INFORMATION section start

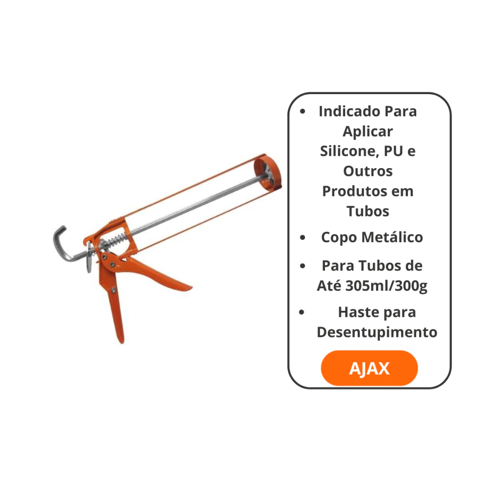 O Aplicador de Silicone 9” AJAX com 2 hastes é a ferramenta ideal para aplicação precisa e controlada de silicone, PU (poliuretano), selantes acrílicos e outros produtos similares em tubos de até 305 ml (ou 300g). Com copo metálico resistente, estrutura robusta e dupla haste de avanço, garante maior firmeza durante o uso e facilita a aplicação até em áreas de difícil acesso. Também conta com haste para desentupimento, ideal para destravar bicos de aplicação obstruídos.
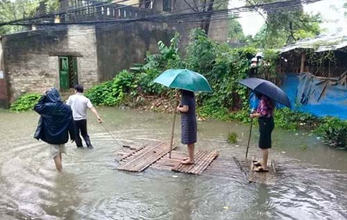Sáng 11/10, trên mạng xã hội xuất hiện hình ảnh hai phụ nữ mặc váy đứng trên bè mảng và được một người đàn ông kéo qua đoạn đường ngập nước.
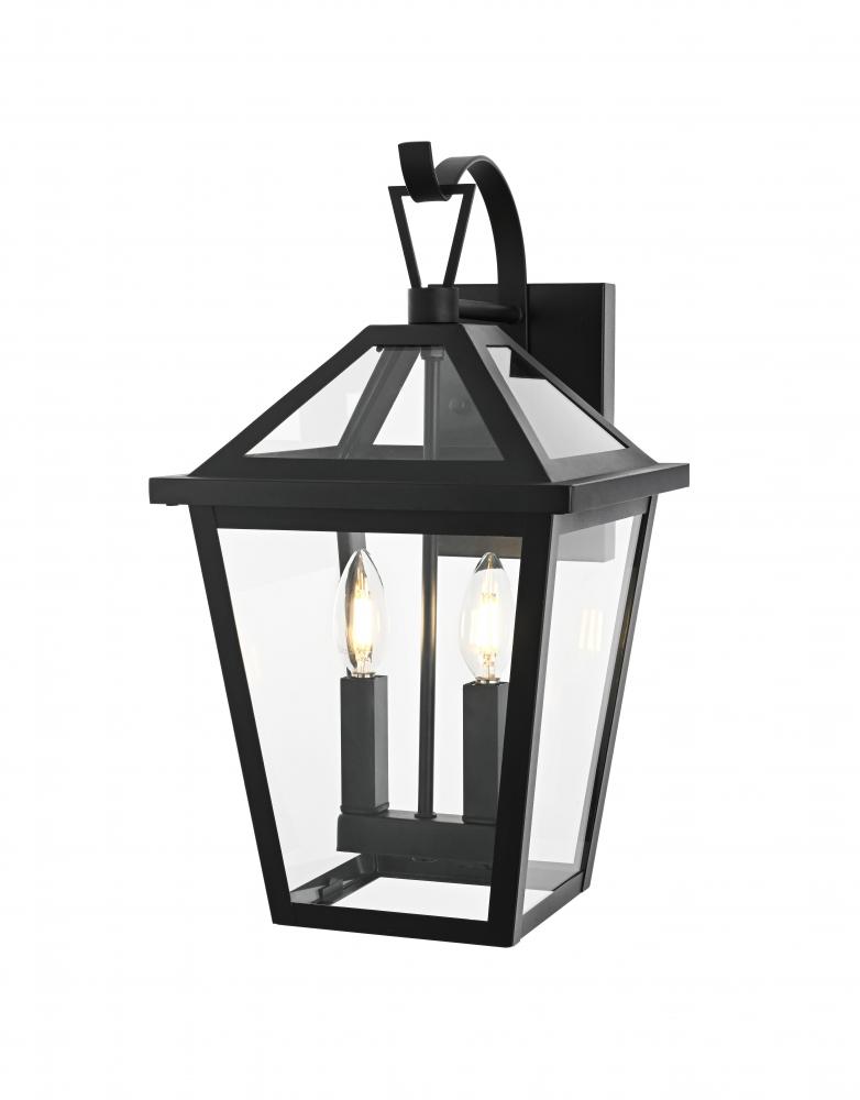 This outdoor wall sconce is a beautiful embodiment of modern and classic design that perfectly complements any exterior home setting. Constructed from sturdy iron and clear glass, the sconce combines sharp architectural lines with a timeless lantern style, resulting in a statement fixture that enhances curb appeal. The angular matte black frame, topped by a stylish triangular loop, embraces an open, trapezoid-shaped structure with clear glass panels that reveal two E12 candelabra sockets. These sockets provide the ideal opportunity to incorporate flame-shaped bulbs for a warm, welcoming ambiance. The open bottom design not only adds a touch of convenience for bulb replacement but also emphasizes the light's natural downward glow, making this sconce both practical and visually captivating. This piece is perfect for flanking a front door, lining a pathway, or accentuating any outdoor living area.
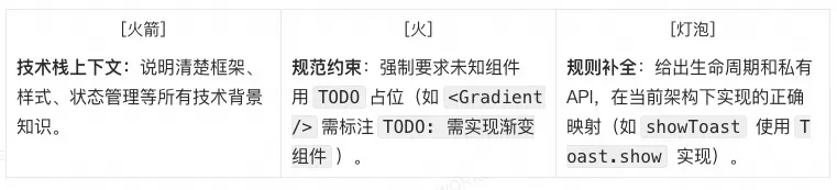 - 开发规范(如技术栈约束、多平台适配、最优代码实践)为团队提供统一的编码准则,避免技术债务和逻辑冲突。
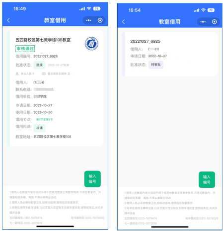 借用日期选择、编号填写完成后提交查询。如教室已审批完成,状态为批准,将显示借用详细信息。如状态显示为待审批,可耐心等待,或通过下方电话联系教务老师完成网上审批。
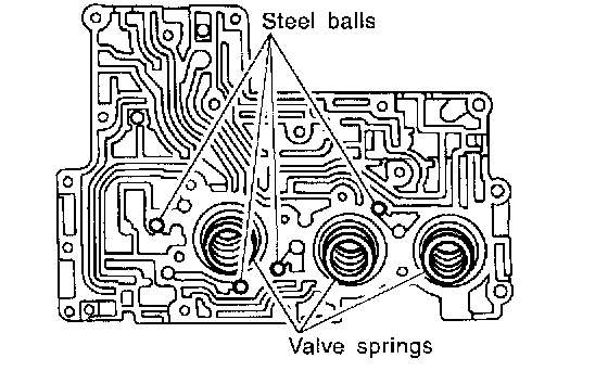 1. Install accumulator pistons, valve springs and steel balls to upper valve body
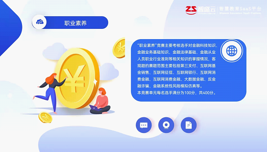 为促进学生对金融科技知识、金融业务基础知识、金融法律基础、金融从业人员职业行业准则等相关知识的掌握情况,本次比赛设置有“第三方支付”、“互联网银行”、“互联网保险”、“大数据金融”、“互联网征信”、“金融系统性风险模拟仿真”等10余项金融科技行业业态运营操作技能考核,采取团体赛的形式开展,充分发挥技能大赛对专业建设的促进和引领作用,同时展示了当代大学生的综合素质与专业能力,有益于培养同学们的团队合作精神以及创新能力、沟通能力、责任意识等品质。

INFORMATION section end

AIM OF THE EXERCISE. Exactly as they stand, set down the lines from the start of the material through the line with "Sáng 11/10, trên", both ends included, omitting the pictures.

COMPLETED EXERCISE.
 O Aplicador de Silicone 9” AJAX com 2 hastes é a ferramenta ideal para aplicação precisa e controlada de silicone, PU (poliuretano), selantes acrílicos e outros produtos similares em tubos de até 305 ml (ou 300g). Com copo metálico resistente, estrutura robusta e dupla haste de avanço, garante maior firmeza durante o uso e facilita a aplicação até em áreas de difícil acesso. Também conta com haste para desentupimento, ideal para destravar bicos de aplicação obstruídos.
Sáng 11/10, trên mạng xã hội xuất hiện hình ảnh hai phụ nữ mặc váy đứng trên bè mảng và được một người đàn ông kéo qua đoạn đường ngập nước.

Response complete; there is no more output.